The French oceanographer Jacques Cousteau has become legendary for his spectacular cinematography of natural marine life. The reader may be familiar with the magnificent underwater documentaries produced by the Jacques Cousteau Foundation or those of the National Geographic Society.
We have implemented an animation system that enables an animator to produce intriguing ``nature documentaries'' of an artificial undersea world, not by conventional means, but by assuming the role of a marine cinematographer analogous to that played by Cousteau. Unlike Cousteau, however, who must deal with a physical camera in a physical world, our animator uses a virtual camera to explore and record artificial life inhabiting a virtual marine world.
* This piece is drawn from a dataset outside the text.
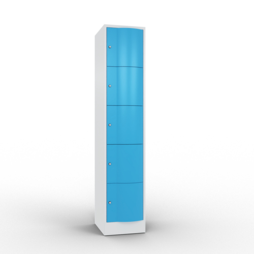 De naar voren gewelfde openslaande deur is absoluut stabiel en vandalismebestendig, zelfs tegen trappen. De enkelwerkende opdekdeuren zijn opgehangen aan robuuste, interne espagnoletscharnieren en dus bestand tegen zware belastingen. Elke deur is standaard uitgerust met een systeem voor gedempte sluiting , zodat de deur niet dichtslaat, zelfs niet wanneer deze een krachtige duw krijgt. Dit draagt niet alleen bij aan een rustigere werkomgeving, maar beschermt de stalen kast ook tegen beschadiging. Bovendien beschermt de deuropeningsbegrenzer tegen te ver openen van de deur en tegen overlapping van de bruikbare ruimte met de naastgelegen kast. afsluitbaar met cilinderslot. De ventilatieopeningen in de achterwand zorgen voor een goede luchtcirculatie in elk kastvak. Door de afdekplaat kan de bijzetkast worden gebruikt als extra werk- of aflegoppervlak. De sokkel onder de kast zorgt ervoor dat het gewicht van de kast gelijkmatig over de vloer wordt verdeeld. Hierdoor staat de kast stabieler en kan hij zwaardere lasten dragen dan een kast met voeten. En omdat er geen vuil, stof en vocht onder kan komen, hoeft er onder de kast niet te worden schoongemaakt. constructie van plaatstaal, gelast. romp met moffellak. front met moffellak.

To demonstrate this new gender of computer animation, we have created a mini animated parody of a National Geographic underwater documentary.
Our ``National Geo-Graphics'' documentary explores ``The Undersea
World of Jack Cousto''. Jack's cinematography reveals a mysterious
world of colorful artificial fishes. We observe mating rituals and
other elaborate behaviors. Dangerous predators stalk in the
deceptively peaceful habitat. The following images show stills from
the animation, which was rendered using the photorealistic
RenderMan
package.
``The Undersea World of Jack Cousto'' runs for two minutes and thirty seconds and was produced by the author along with her colleague Radek Grzeszczuk and Professor Demetri Terzoupoulos.